所使用的数据集:miniImageNet

  • 数据集大小:共100类,60000张图像,每类600张图像
  • 数据格式:JPGE格式,84*84彩色图像
  • 对数据集结构的处理要求:类别分布均衡,训练集 : 验证集 : 测试集 = 7 : 1 : 2

miniImageNet数据集的原始结构如下:

└─ dataset
    ├─ images
        ├─ n0153282900000005.jpg
        ├─ n0153282900000006.jpg
        ├─ ...
    ├─ train.csv
    ├─ val.csv
    └─ test.csv

匹配图像与CSV文件后,数据集结构变为:

└─ dataset
    ├─ train
        ├─ 第1类
            └─ 600张图像 
        ├─ ...
        └─ 第64类
            └─ 600张图像 
    ├─ val
        ├─ 第65类
            └─ 600张图像 
        ├─ ...
        └─ 第80类
            └─ 600张图像 
    └─ test
        ├─ 第81类
            └─ 600张图像 
        ├─ ...
        └─ 第100类
            └─ 600张图像

仍需进一步将数据集结构处理为:

└─ dataset
    ├─ train
        ├─ 第1类
            └─ 420张图像 
        ├─ ...
        └─ 第100类
            └─ 420张图像 
    ├─ val
        ├─ 第1类
            └─ 60张图像 
        ├─ ...
        └─ 第100类
            └─ 60张图像 
    └─ test
        ├─ 第1类
            └─ 120张图像 
        ├─ ...
        └─ 第100类
            └─ 120张图像

处理后的数据集的下载方式:

  • 链接:百度网盘 请输入提取码 提取码:xqnu

请将数据集保存至路径“mindspore_swin_transformer/src/data”下,并逐层解压文件。

In [15]:

"""
Data operations, will be used in train.py and eval.py
"""

from src.data.augment.auto_augment import _pil_interp, rand_augment_transform
from src.data.augment.mixup import Mixup
from src.data.augment.random_erasing import RandomErasing

In [16]:

def _get_rank_info():
    """
    get rank size and rank id
    """
    rank_size = int(os.environ.get("RANK_SIZE", 1))

    if rank_size > 1:
        from mindspore.communication.management import get_rank, get_group_size
        rank_size = get_group_size()
        rank_id = get_rank()
    else:
        rank_size = rank_id = None

    return rank_size, rank_id

In [17]:

def create_dataset_imagenet(dataset_dir, args, repeat_num=1, training=True):
    """
    create a train or val or test mini-imagenet dataset for SwinTransformer

    Args:
        dataset_dir(string): the path of dataset.
        do_train(bool): whether dataset is used for train or eval.
        repeat_num(int): the repeat times of dataset. Default: 1

    Returns:
        dataset
    """

    device_num, rank_id = _get_rank_info()
    shuffle = bool(training)
    if device_num == 1 or not training:
        data_set = ds.ImageFolderDataset(dataset_dir, num_parallel_workers=args.num_parallel_workers,
                                         shuffle=shuffle)
    else:
        data_set = ds.ImageFolderDataset(dataset_dir, num_parallel_workers=args.num_parallel_workers, shuffle=shuffle,
                                         num_shards=device_num, shard_id=rank_id)

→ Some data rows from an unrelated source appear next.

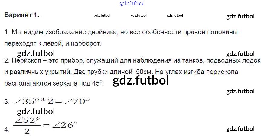 Готовые домашние задания по Физике за 8 класс Громцева Контрольные и самостоятельные работы УМК 2017 ФГОС - СР №46. Отражение света. Законы отражения. Плоское зеркало вариант-1
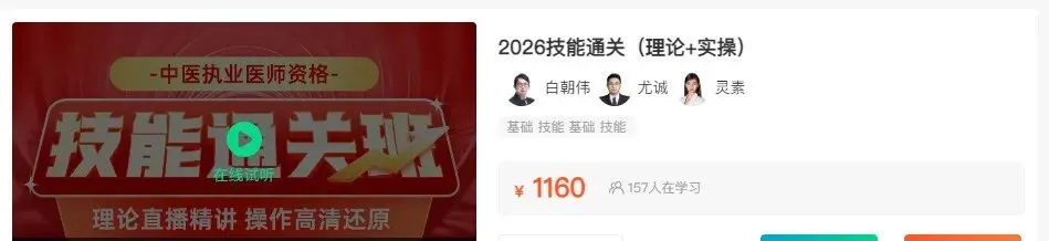 人民医学网2026年中医中西医实践技能通关班已开讲!人民医学网最全技能线上课程,共100+课时;技能一二三站内容全包含、理论+实操一网打尽!
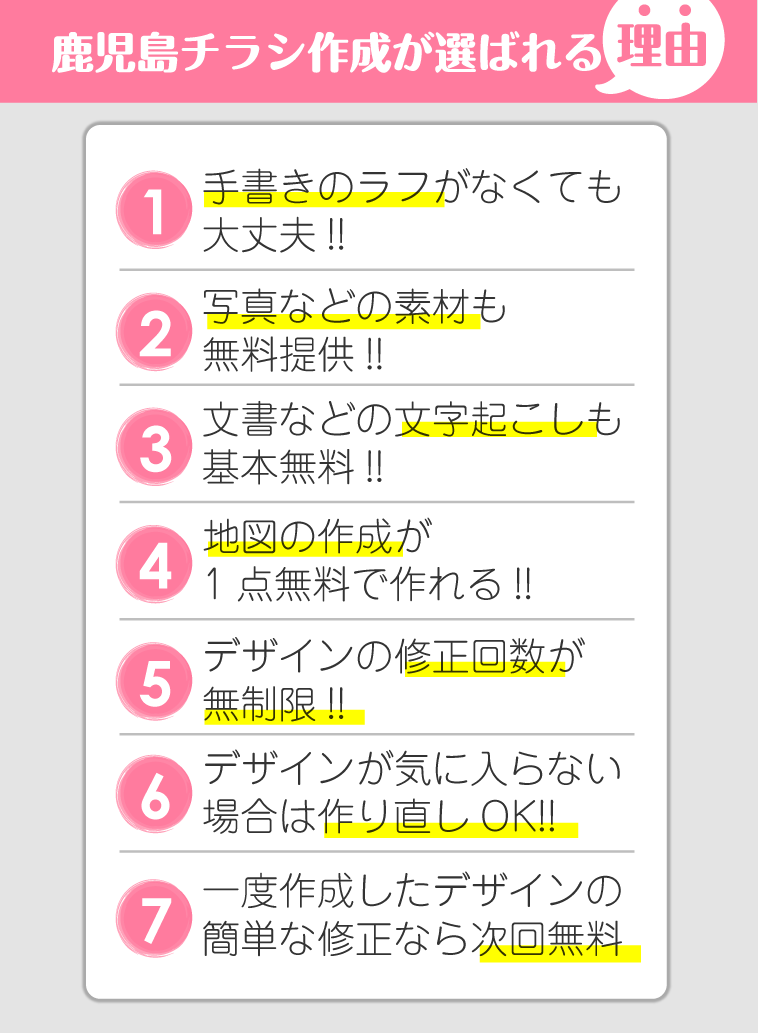 鹿児島チラシ作成のチラシデザイン、チラシ作成、チラシ制作、チラシ印刷の強み

    image_size = args.image_size

    # define map operations
    # BICUBIC: 3
    
    # data augment
    if training:
        mean = [0.485, 0.456, 0.406]
        std = [0.229, 0.224, 0.225]
        aa_params = dict(
            translate_const=int(image_size * 0.45),
            img_mean=tuple([min(255, round(255 * x)) for x in mean]),
        )
        interpolation = args.interpolation
        auto_augment = args.auto_augment
        assert auto_augment.startswith('rand')
        aa_params['interpolation'] = _pil_interp(interpolation)

        transform_img = [
            vision.RandomCropDecodeResize(image_size, scale=(0.08, 1.0), ratio=(3 / 4, 4 / 3),
                                          interpolation=Inter.BICUBIC),
            vision.RandomHorizontalFlip(prob=0.5),
            vision.ToPIL()
        ]
        transform_img += [rand_augment_transform(auto_augment, aa_params)]
        transform_img += [
            vision.ToTensor(),
            vision.Normalize(mean=mean, std=std, is_hwc=False),
            RandomErasing(args.re_prob, mode=args.re_mode, max_count=args.re_count)
        ]
    else:
        mean = [0.485 * 255, 0.456 * 255, 0.406 * 255]
        std = [0.229 * 255, 0.224 * 255, 0.225 * 255]
        # test transform complete
        if args.crop:
            transform_img = [
                vision.Decode(),
                vision.Resize(int(256 / 224 * image_size), interpolation=Inter.BICUBIC),
                vision.CenterCrop(image_size),
                vision.Normalize(mean=mean, std=std, is_hwc=True),
                vision.HWC2CHW()
            ]
        else:
            transform_img = [
                vision.Decode(),
                vision.Resize(int(image_size), interpolation=Inter.BICUBIC),
                vision.Normalize(mean=mean, std=std, is_hwc=True),
                vision.HWC2CHW()
            ]

    transform_label = C.TypeCast(mstype.int32)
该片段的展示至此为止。